Ma se dobbiamo scrivere una storia, se dobbiamo addensare gli eventi salienti, organizzarli all’interno della narrazione, ecco che le cose cambiano. Il tempo lineare, la Fabula, il tempo che scorre da A a B può non essere più lineare, diacronico, ma può essere sincronico, non lineare. Siamo noi, e non lo Spazio Tempo, a scegliere cosa dire e quando dirlo. Siamo noi, nel nostro racconto, i Signori del Tempo. Ho scritto un capitolo a proposito.
Prendiamo ad esempio il bellissimo racconto di Tolstoj, La morte di Ivan Il'ic.
Un racconto all'apparenza semplicissimo, ma che nasconde un sapientissi-missimo lavoro di costruzione temporale, di montaggio potremmo dire prendendo in prestito il termine dal cinema, e non solo: è un racconto ricco di contenuti.
Il mio poeta preferito, Garcia Lorca, scriveva, a proposito della poesia: " Se è vero che sono poeta per Grazia di Dio, o del Demonio, lo sono anche per merito della tecnica e dell'esfuerzo, perché so con certezza cosa sia una poesia".

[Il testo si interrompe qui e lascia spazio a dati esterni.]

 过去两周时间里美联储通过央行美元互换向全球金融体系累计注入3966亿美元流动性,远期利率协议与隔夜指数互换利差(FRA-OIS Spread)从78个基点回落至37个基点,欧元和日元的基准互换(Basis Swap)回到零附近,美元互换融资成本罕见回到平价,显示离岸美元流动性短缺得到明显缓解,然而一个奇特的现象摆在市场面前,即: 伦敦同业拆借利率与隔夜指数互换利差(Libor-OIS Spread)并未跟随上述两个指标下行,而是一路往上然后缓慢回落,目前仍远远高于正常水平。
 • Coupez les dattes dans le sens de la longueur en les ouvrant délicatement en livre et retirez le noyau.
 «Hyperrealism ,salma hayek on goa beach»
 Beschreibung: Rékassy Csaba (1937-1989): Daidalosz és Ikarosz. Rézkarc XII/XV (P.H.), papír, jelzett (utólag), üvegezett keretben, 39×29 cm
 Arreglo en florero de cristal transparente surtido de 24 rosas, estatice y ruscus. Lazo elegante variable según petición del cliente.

Noi sappiamo cosa sia un racconto? L’Officina serve in parte a rispondere al quesito.
Siamo in Russia, Anno Domini 1882, Ivan Il’ic Golovin ha 45 anni, è stato da poco promosso consigliere di Corte di Appello. Il salto di qualità nella gerarchia è notevole e il prestigio di cui gode presso amici e conoscenti lo hanno reso euforico. Ivan Il’ic è un uomo interamente occupato dalla professione, dagli obblighi sociali e dalla famiglia. Non v’è spazio per altro.

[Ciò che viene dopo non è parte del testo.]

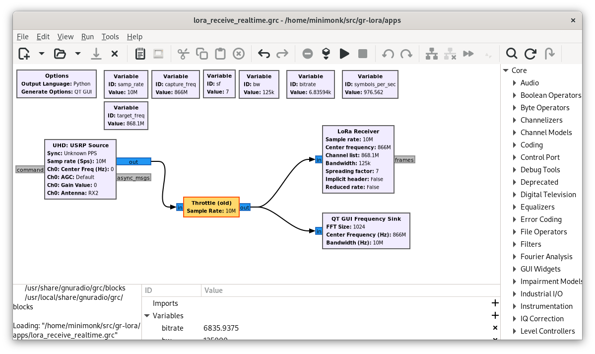 | <<< Welcome to GNU Radio Companion 3.10.9.2 >>> Block paths: /usr/share/gnuradio/grc/blocks /usr/local/share/gnuradio/grc/blocks Loading: "/home/minimonk/src/gr-lora/apps/lora_receive_realtime.grc" >>> Done Generating: "/home/minimonk/src/gr-lora/apps/lora_receive_realtime.py" >>> Warning: This flow graph contains a throttle block and another rate limiting block, e.g. a hardware source or sink. This is usually undesired. Consider removing the throttle block. >>> Warning: The block 'blocks_throttle_0' is deprecated. Executing: /usr/bin/python3 -u /home/minimonk/src/gr-lora/apps/lora_receive_realtime.py qt.qpa.plugin: Could not find the Qt platform plugin "wayland" in "" [INFO] [UHD] linux; GNU C++ version 13.2.0; Boost_108300; UHD_4.6.0.0+ds1-5.1ubuntu0.24.04.1 Traceback (most recent call last): File "/home/minimonk/src/gr-lora/apps/lora_receive_realtime.py", line 234, in <module> main() File "/home/minimonk/src/gr-lora/apps/lora_receive_realtime.py", line 212, in main tb = top_block_cls() ^^^^^^^^^^^^^^^ File "/home/minimonk/src/gr-lora/apps/lora_receive_realtime.py", line 77, in __init__ self.uhd_usrp_source_0 = uhd.usrp_source( ^^^^^^^^^^^^^^^^ RuntimeError: LookupError: KeyError: No devices found for -----> Empty Device Address >>> Done (return code 1) |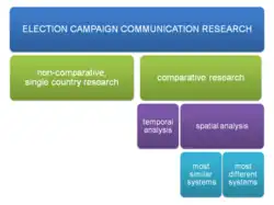 Comparative research can either be spatial, i.e. comparing different countries, or temporal, which means taking a look at the campaign communication over time to examine longitudinal developments.[12] A temporal analysis examining German newspaper coverage of election campaigns from 1949 to 1998, e.g., was conducted by Jürgen Wilke and Carsten Reinemann in 2001.[13] Wilke and Reinemann showed an existing trend towards more interpretative coverage.
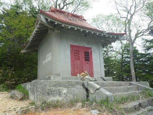 昼食をとったら下山開始。山頂の一角には神社が祀られている。
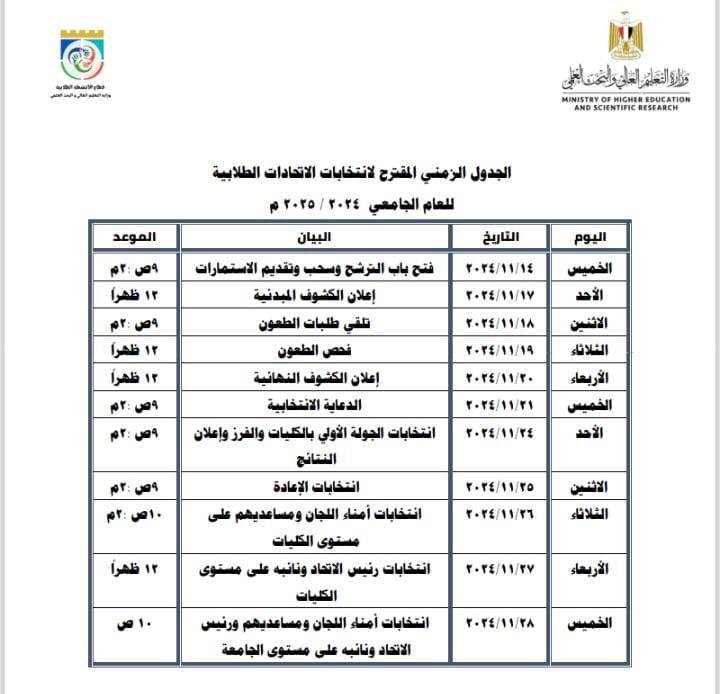 الجدول الزمني لانتخابات الاتحادات الطلابية بالجامعات للعام الدراسي 2024/2025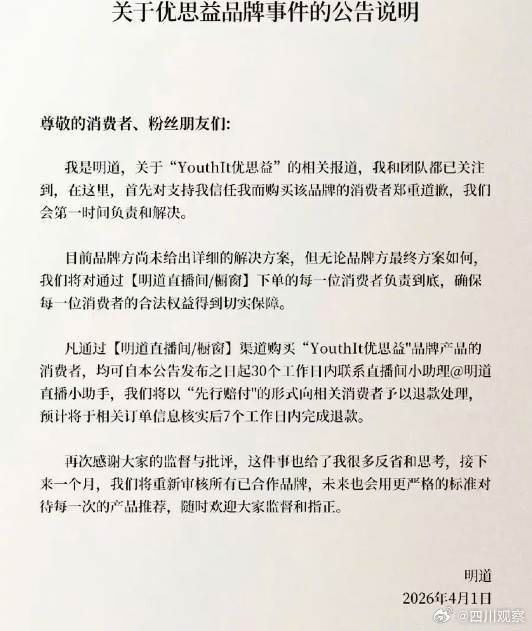 明道工作室則透過律師聲明,強調已緊急核查事件並終止合作。明道承諾自公告30天內,消費者可聯繫直播間小助理辦理退款,並于核實訂單後7個工作日內完成退款處理。明道表示,「無論品牌方最終方案如何,他都將對消費者負責到底」,展現高度負責態度。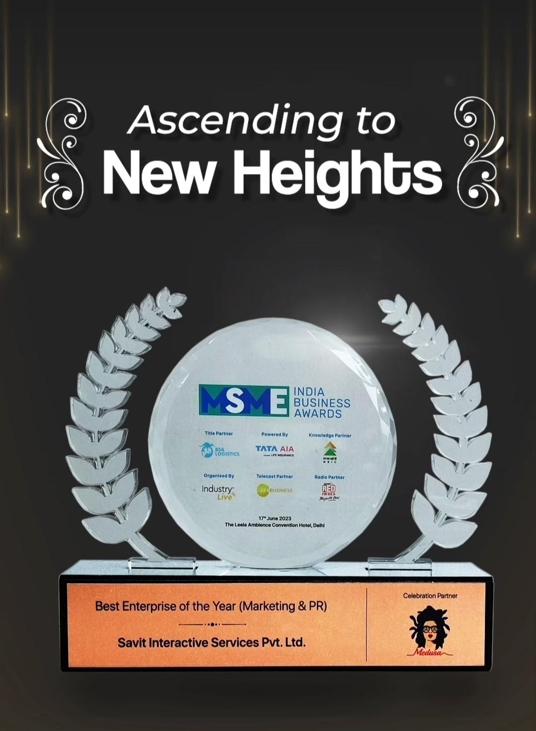 On June 17, 2023, Savit Interactive won the prestigious Marketing and PR category of the third MSME India Business Award.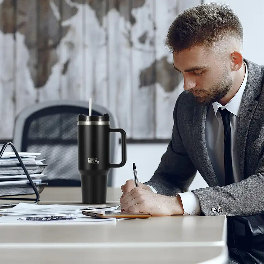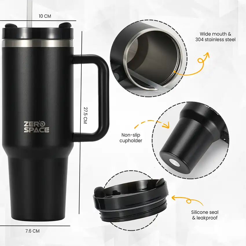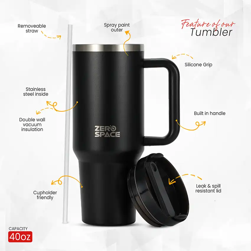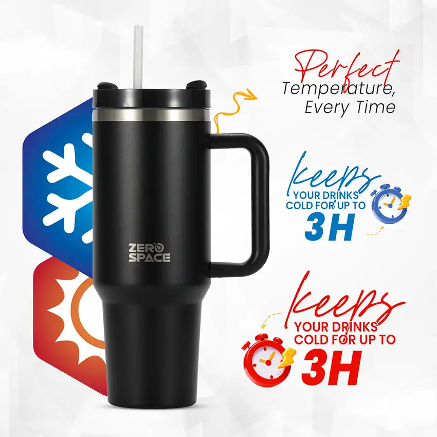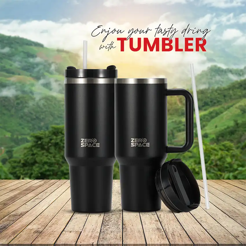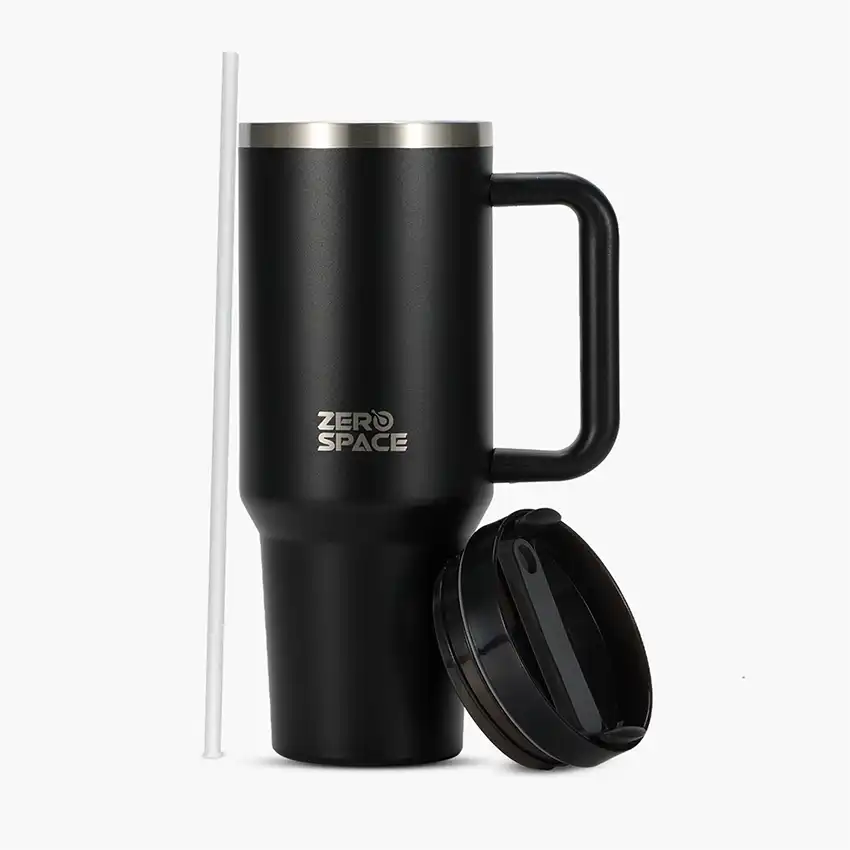 Meet your perfect all-day coffee companion — the ZeroSpace Black Tumbler. Built from pro-grade stainless steel with double-wall vacuum insulation, this black coffee tumbler keeps your drinks hot for 12 hours and cold for 24 hours. Sleek, durable, and leak-proof — designed for Pakistan’s active office workers, gym enthusiasts, and commuters.

Sta mettendo su la nuova casa quando scivola dalla scala e si fa male a un fianco. Sul momento non dà peso alla cosa, un piccolo livido, e riprende la sua normale quotidianità. Ma il dolore della caduta, all'inizio lieve, giorno dopo giorno aumenta fino a costringerlo all'inattività. Inizia così una lunga malattia e con il passar del tempo, immobilizzato a letto, a un certo punto Ivan Il'ic si accorge di essere destinato a morire presto.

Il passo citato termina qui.